NIR phosphorescence imaging and penetration capability in complex media. (a) Phosphorescence imaging of polyurethane (PU) sponges at room temperature (RT) and in the frozen state (Ice). Left, PP4P-F-free control; right, samples loaded with PP4P-F. The thickness of the overlaid PU layer increases from 0 to 10 mm. Excitation, 460 nm, 30 s; acquisition, IVIS Spectrum bioluminescence mode; signal unit: p·s−1·cm−2·sr−1. (b) Phosphorescence signal-to-background ratio (SBRfrozen/SBRinitial) of sponges with different ice fractions before and after freezing, showing strong amplification of PP4P-F phosphorescence with increasing ice content. (c, d) Multimodal comparison of hydrogels, foods, biological tissues, and frozen soils before and after freezing (RT/Ice). (c) Photographs under natural light showing negligible visual changes upon freezing. (d) Delayed NIR phosphorescence images displaying an off-on transition from non-emissive to strongly emissive, enabling high-contrast ice detection and localization in opaque or structurally complex samples. (e) Comparison of phosphorescence and fluorescence SBRfrozen/SBRinitial across different sample types before and after freezing, demonstrating the universal freeze-activated emission response of PP4P-F and the superior contrast of time-gated phosphorescence. (f) Time-resolved phosphorescence and fluorescence SBRfrozen/SBRinitial intensity profile during tissue cryopreservation and thawing, where signal evolution reflects the degree of internal ice formation and subsequent melting, enabling dynamic monitoring and visualization of deep-seated ice phases.

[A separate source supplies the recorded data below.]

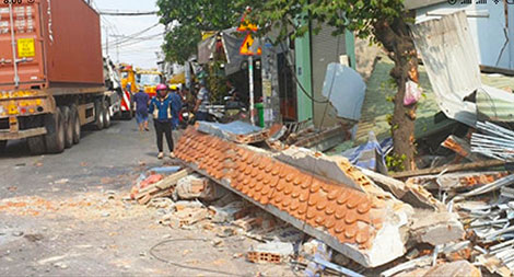 | Xe đầu kéo tông sập 3 nhà dân tại TP Hồ Chí Minh. |
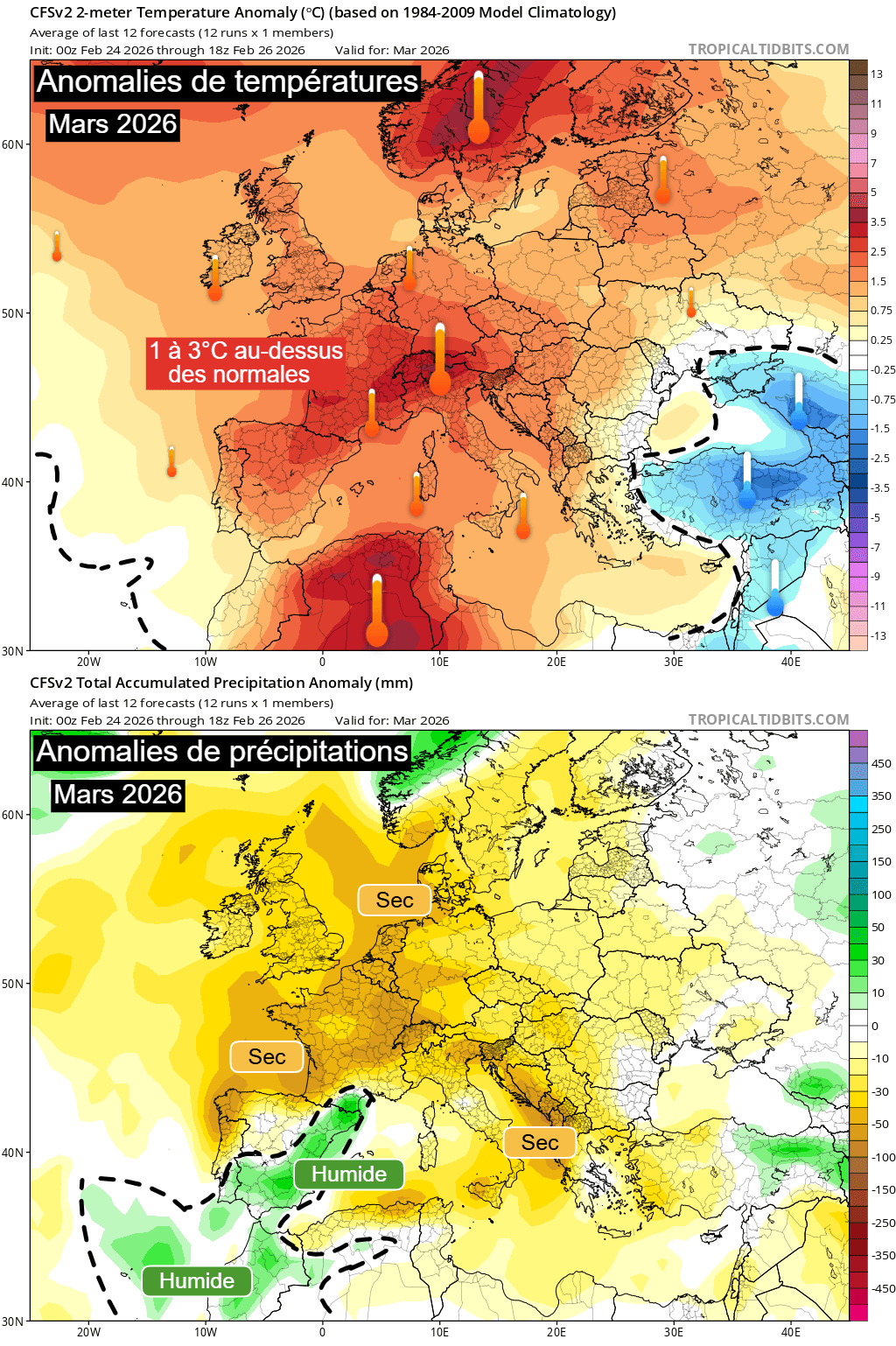 Pour le moment, la majorité des modèles saisonniers s'accordent sur le fait que le mois de mars devrait se montrer plus doux que la normale sur la France mais également plus sec. Les anomalies de températures restent en effet positives sur la France tout comme sur une large partie de l'Europe alors que les anomalies de précipitations restent négatives sur la majorité du pays, excepté près de la Méditerranée où le temps pourrait se montrer plus régulièrement humide.
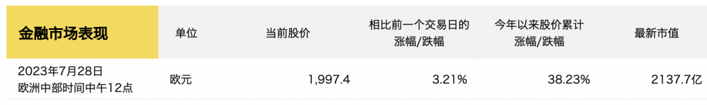 财报发布后的7月28日,截至欧洲中部时间中午12点(北京时间晚6点),爱马仕股价已较上一交易日上涨了3.21%,当前市值约为2137亿欧元。今年以来,集团股价已经累计上涨逾38%。
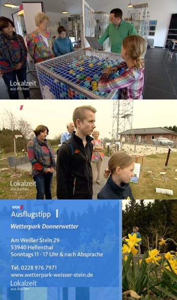 In gleich drei Ausgaben der Lokalzeit wurde am Samstag Abend unser Donnerwetter.de-Wetterpark auf dem Weißen Stein vorgestellt. In der WDR-Mediathek kann man den Beitrag noch einmal sehen:
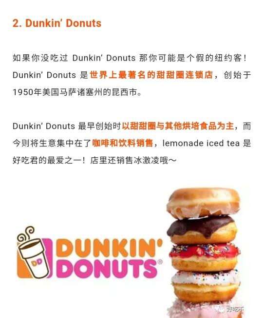 世界上zui著名的甜甜圈连锁店,创始于1950年美国马萨诸塞州的昆西市。早期创始时以甜甜圈与其他烘培食品为主,而今则将生意集中在了咖啡和饮料销售lemonade iced tea 是好吃君的超爱!店里还销售冰激凌哦~
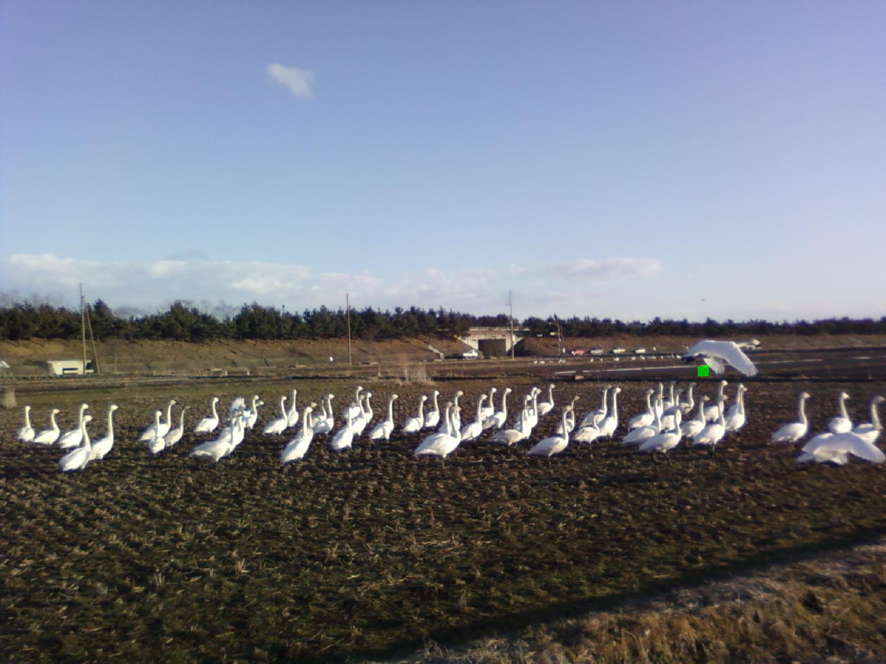 藤田地区の田圃だったところに白鳥の群れが羽を休めています。

Wind-tunnel demonstration of aircraft icing imaging and thickness measurement using the FIP strategy. (a) Schematic of the wind-tunnel icing setup showing the PP4P-F-coated model wing, time-gated NIR phosphorescence imaging system and laser scanner. (b) Natural-light photographs of the model aircraft at 0, 10, and 20 min of icing show only subtle visual changes despite progressive ice accumulation. (c) Corresponding NIR phosphorescence images, with color indicating phosphorescence intensity, reveal the onset, downstream propagation and thickening of the ice layer along the wing. (d) Ice-thickness maps obtained by laser scanning for the same regions, with color representing ice-layer thickness, closely match the spatial distribution of phosphorescence intensity. (e) Reconstructed two-dimensional ice-thickness distribution across the wing surface based on laser-scanning data. (f) Ice-thickness profiles extracted along directions normal to the leading edge at 0, 10, and 20 min show position-dependent variations and progressive growth of the ice layer.
总结及展望
本研究成功建立了一种基于“离子调控-冰界面协同”的有机磷光材料设计策略,解决了传统光学手段难以探测隐形冰的痛点。这种近红外磷光成像技术不仅具有非接触、原位和空间分辨率高的优势,还能提供定量化的厚度信息。该技术在航空防冰诊断、能源设施安全监测以及生物样本冷冻保存评估等领域具有广阔的应用前景。未来,通过进一步优化激发装置和探针的封装技术,该系统有望在更大规模的工业场景中部署,为防冰减灾提供一套精准高效的视觉导航工具。